[lbo-talk] The new disparity: women vastly outnumber men in college

Chuck Grimes cgrimes at rawbw.com
Fri Oct 16 13:01:14 PDT 2009


Why are more women going to and getting through college? I don't know. All I can do is turn the question around and ask why few young guys care about college.

It's interesting to try to remember what I felt during the summer after high school. I didn't apply to college my senior year. I put that off. There was an intense pressure to go find a job, which I resented since I thought I deserved a vacation and some kind of reward for getting through a place I mostly hated. I got two weeks. Then the litany started. Get a job, get a job, get a job.

So I found a job through parents of friends, as a relief driver for lunch wagons, catering trucks. The hours were killer. I got up at three in the morning, drove the lunch truck to a big food distribution center about half an hour away out in Burbank. I cleaned up the truck, bought food, loaded up, got gas and headed for the route out in the far eastern end of the Valley for my first stop, breakfast snacks and coffee for early shift office crowd around 7:00a, then construction crews between 7-8a, then the shoppers and store fronts opening around 9, then office breaks at 10 through 11, then noon lunch breaks, and on and on, until 5p. Then driving home in rush hour to get back at about 6p. At home I spread out the money, sorted it, bundled it, stack the coins, rolled them. Write up accounts, went over the truck for inventory and made a grocery list for the next morning. I ate dinner while I was working. I averaged somewhere between 90-120/per day.

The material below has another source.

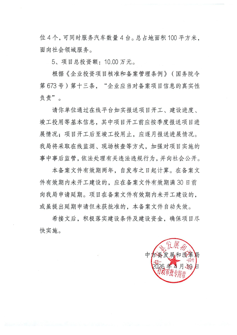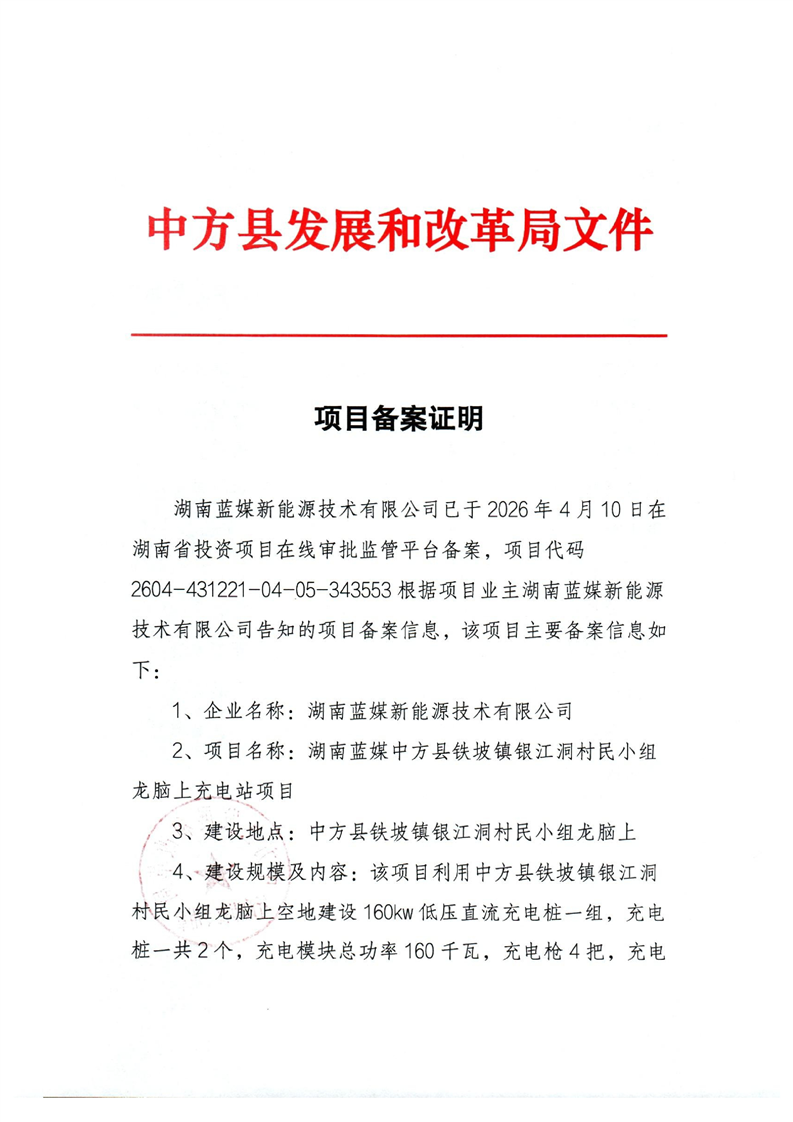 湖南蓝媒中方县铁坡镇银江洞村民小组龙脑上充电站项目备案证明

My stepfather was jealous and used to bother me, and run a strange kind of interference thing, which I didn't understand. I think he didn't like the idea that I could run a business at eighteen and make what seemed like a small fortune to me at the time.

Well, I hated this job. I knew I was over charging people a lot. The mark ups were huge, but that's were my money was coming, screwing others. That's the system, screw'm till it hurts, then screw'm just a bit more. I didn't know about communism yet, but I was sure ready to learn something else to do with my life. Anything but business was fine by me.

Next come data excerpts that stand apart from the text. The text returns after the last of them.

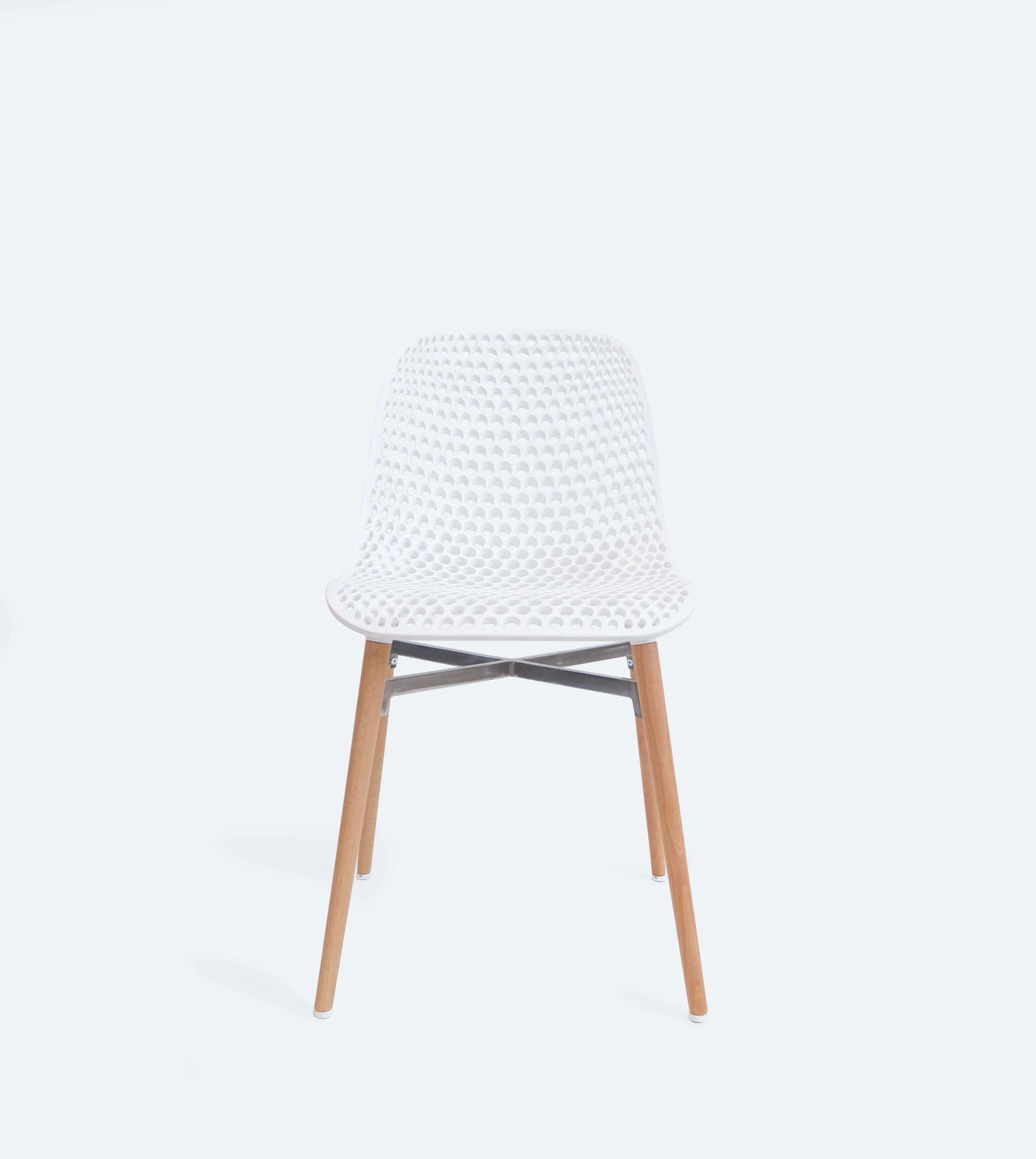 COQUE EN POLYCARBONATE BLANC / SUPPORT EN ALUMINIUM / PIEDS EN HÊTRE MASSIF NATUREL
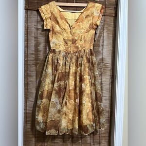 Vintage Yellow and Brown Sundress with Sweetheart Neckline
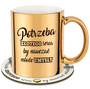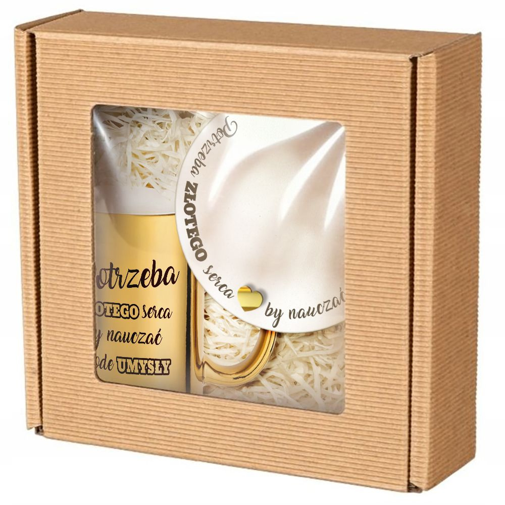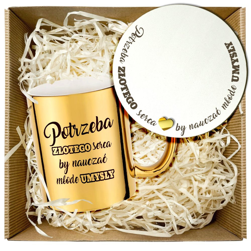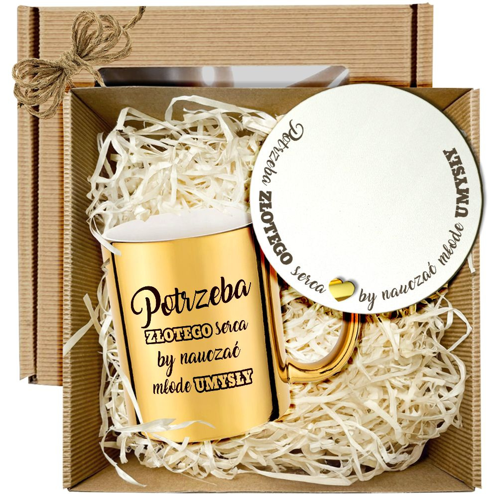Zestaw prezentowy DLA NAUCZYCIELA / WYCHOWAWCY ZŁOTY KUBEK Z PODSTAWKĄ Z OZDOBNYM OPAKOWANIEM I SZNURKIEM JUTOWYM

Trouble was there wasn't anything else to do, except go to college. So I drove out to Pierce, a half hour drive in the other direction, paid ten bucks and filled out a bunch of stupid forms. I liked drawing, so I figured art major, that should be easy enough to get through. The tough English asshole had to be gotten through and some foreign language. I'd been through Spanish in high school, so I picked French. I was dreading that one. I was blown away. The guy teaching French was just great. A real character, straight out of a play. He loved France, everything French. He announced he would spend most of the time speaking French, so we'd have to get used to it. I couldn't believe how much fun that class was, and how much I wanted to give to this guy, perform for him.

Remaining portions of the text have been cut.